TASK PROMPT:
Leave out the pictures and output the data verbatim.

AVAILABLE DATA:
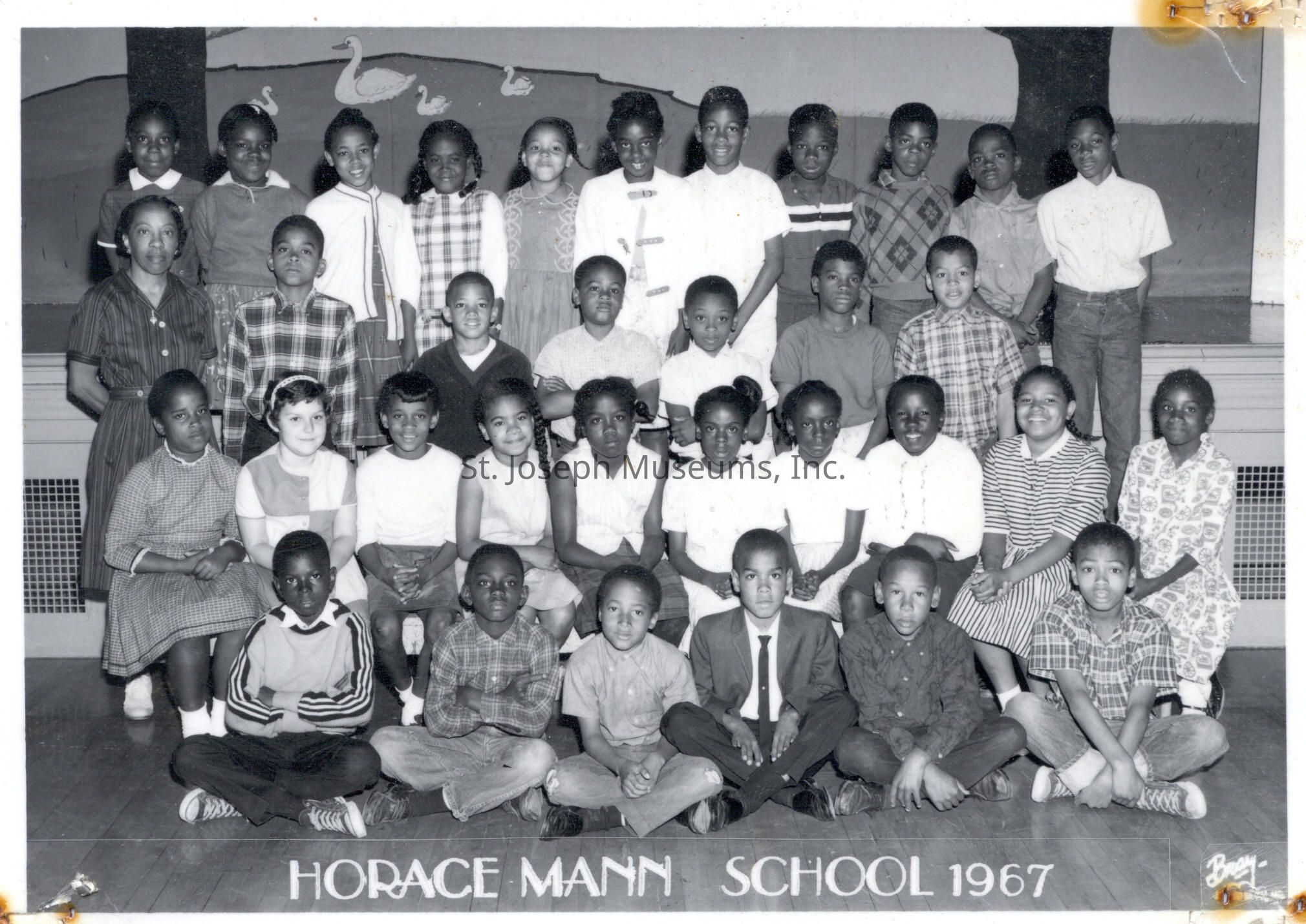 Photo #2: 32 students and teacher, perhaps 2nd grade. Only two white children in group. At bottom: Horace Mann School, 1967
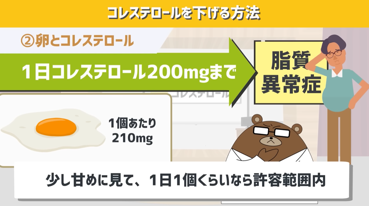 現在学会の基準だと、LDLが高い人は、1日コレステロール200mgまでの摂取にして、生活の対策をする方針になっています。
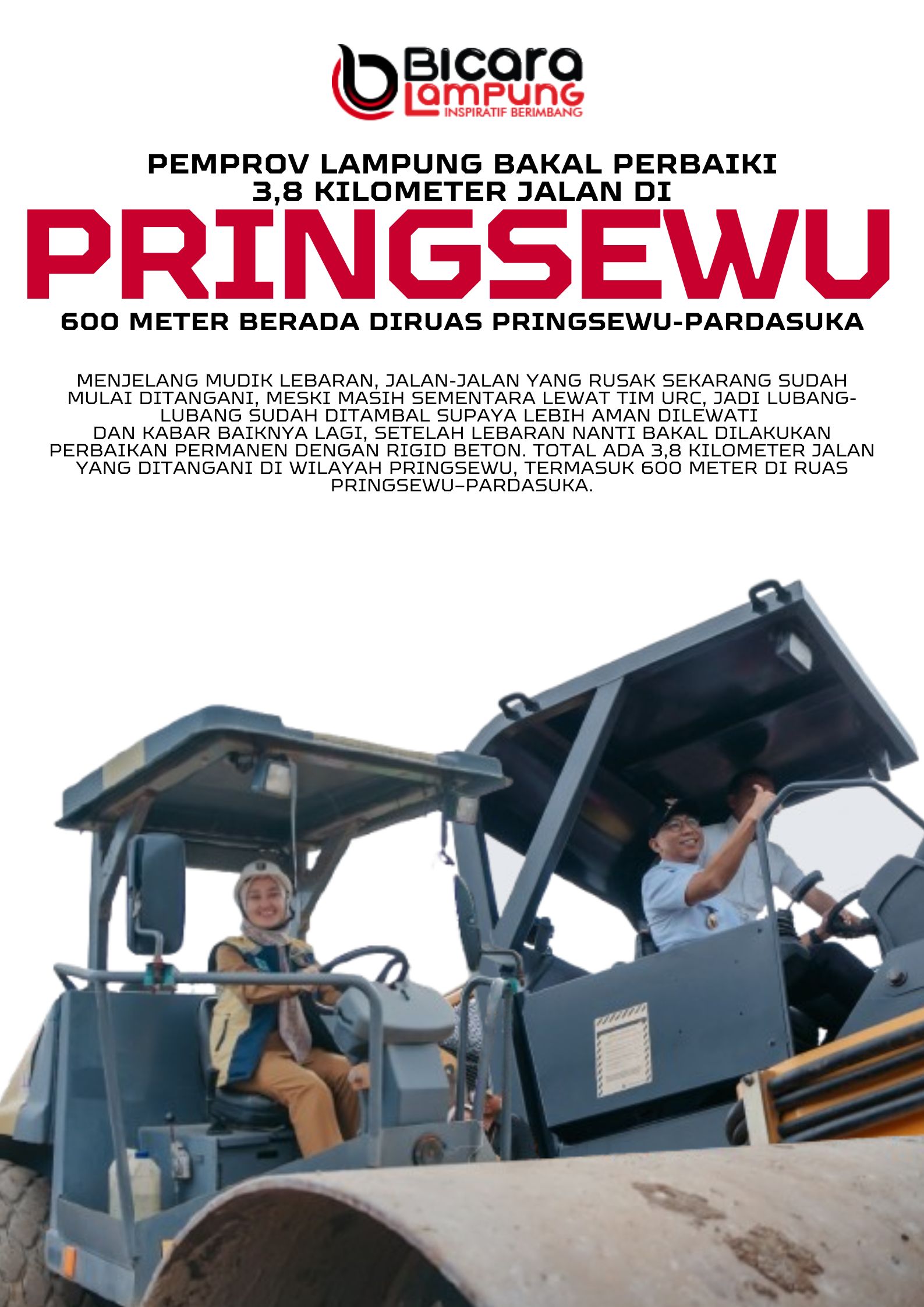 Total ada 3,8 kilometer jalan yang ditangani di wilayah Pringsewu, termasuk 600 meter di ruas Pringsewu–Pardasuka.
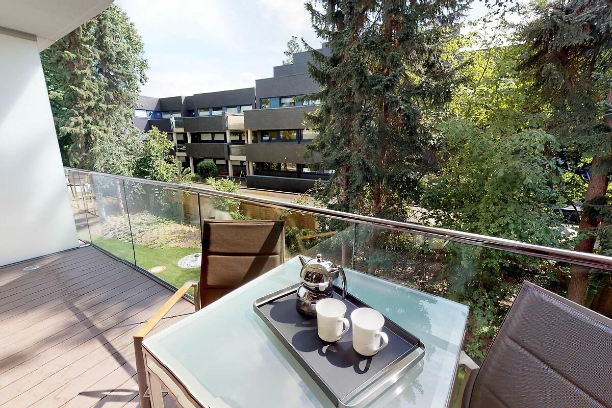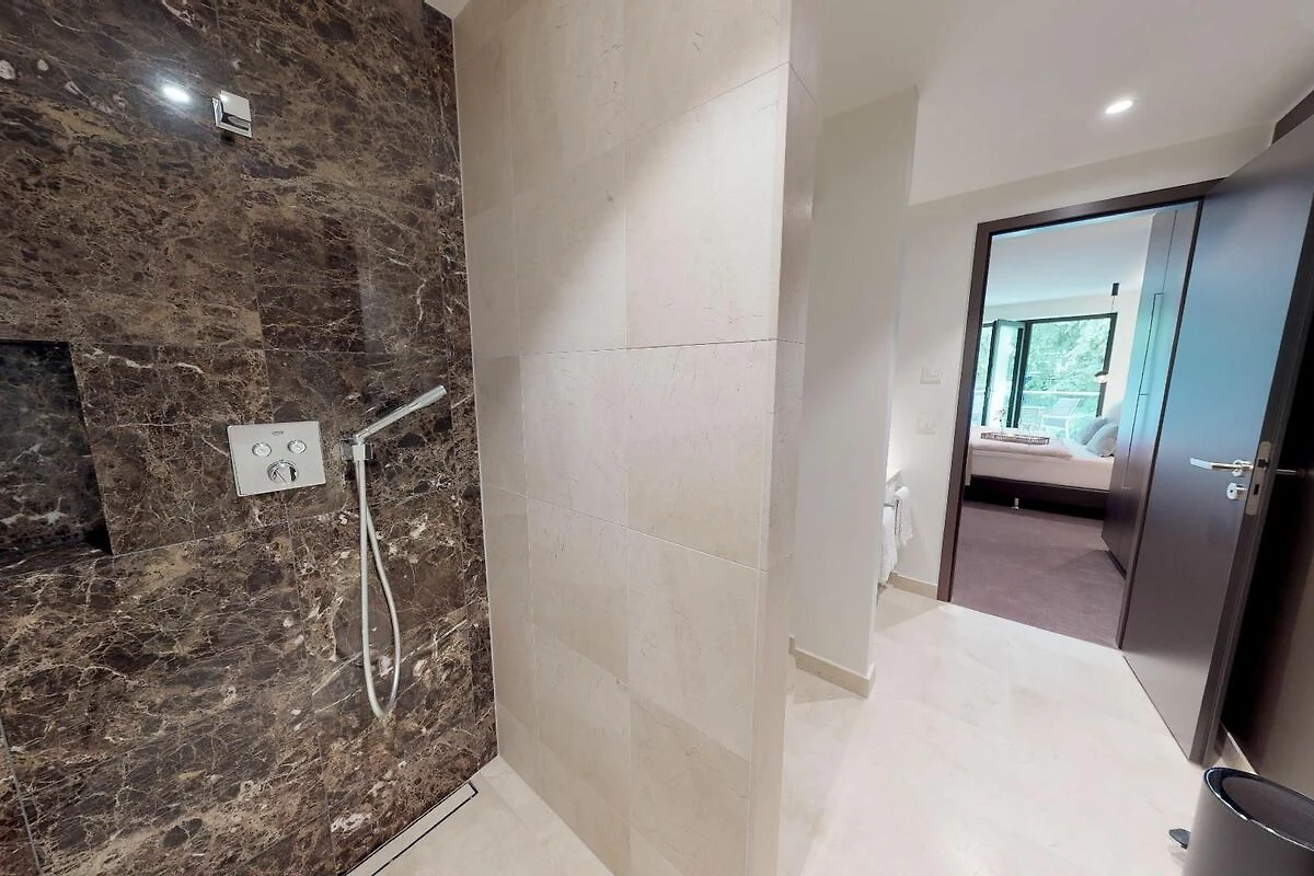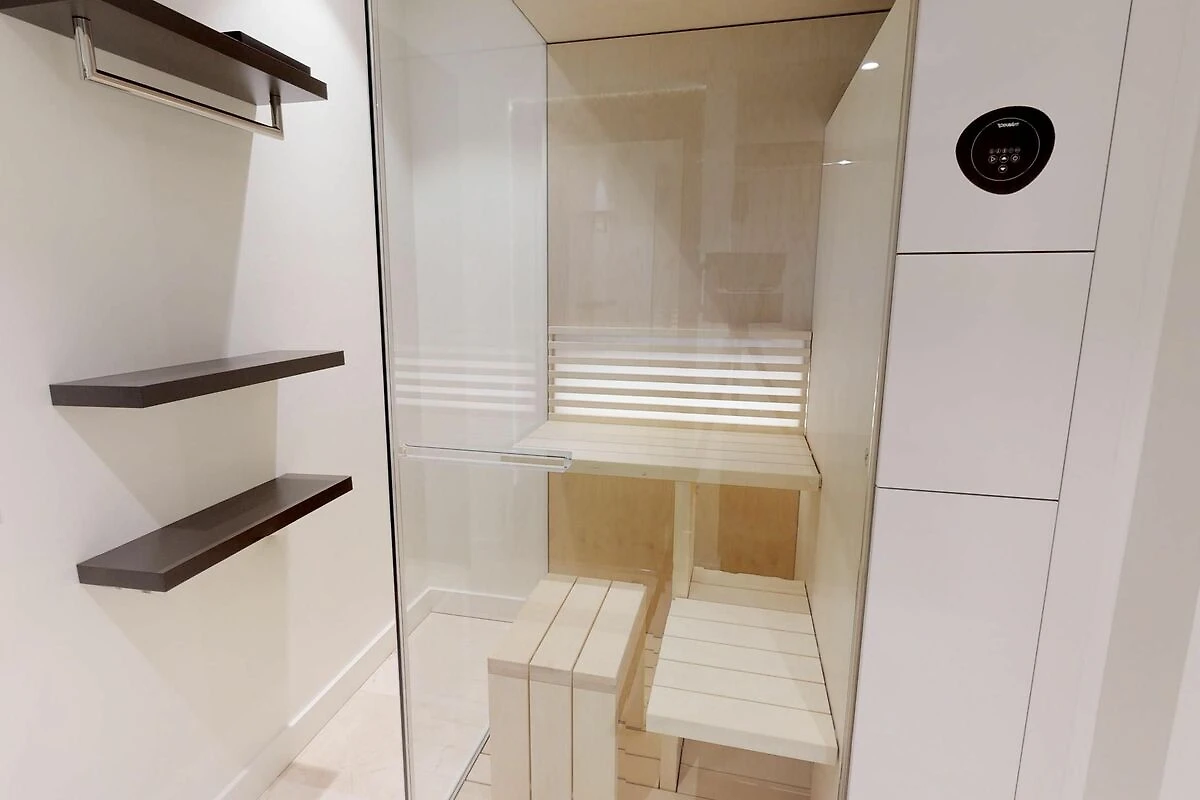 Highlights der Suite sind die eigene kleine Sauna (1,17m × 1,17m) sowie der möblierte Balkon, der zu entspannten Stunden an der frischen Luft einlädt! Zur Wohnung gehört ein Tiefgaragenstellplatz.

THE COMPLETED TASK:
 Photo #2: 32 students and teacher, perhaps 2nd grade. Only two white children in group. At bottom: Horace Mann School, 1967
 現在学会の基準だと、LDLが高い人は、1日コレステロール200mgまでの摂取にして、生活の対策をする方針になっています。
 Total ada 3,8 kilometer jalan yang ditangani di wilayah Pringsewu, termasuk 600 meter di ruas Pringsewu–Pardasuka.
 Highlights der Suite sind die eigene kleine Sauna (1,17m × 1,17m) sowie der möblierte Balkon, der zu entspannten Stunden an der frischen Luft einlädt! Zur Wohnung gehört ein Tiefgaragenstellplatz.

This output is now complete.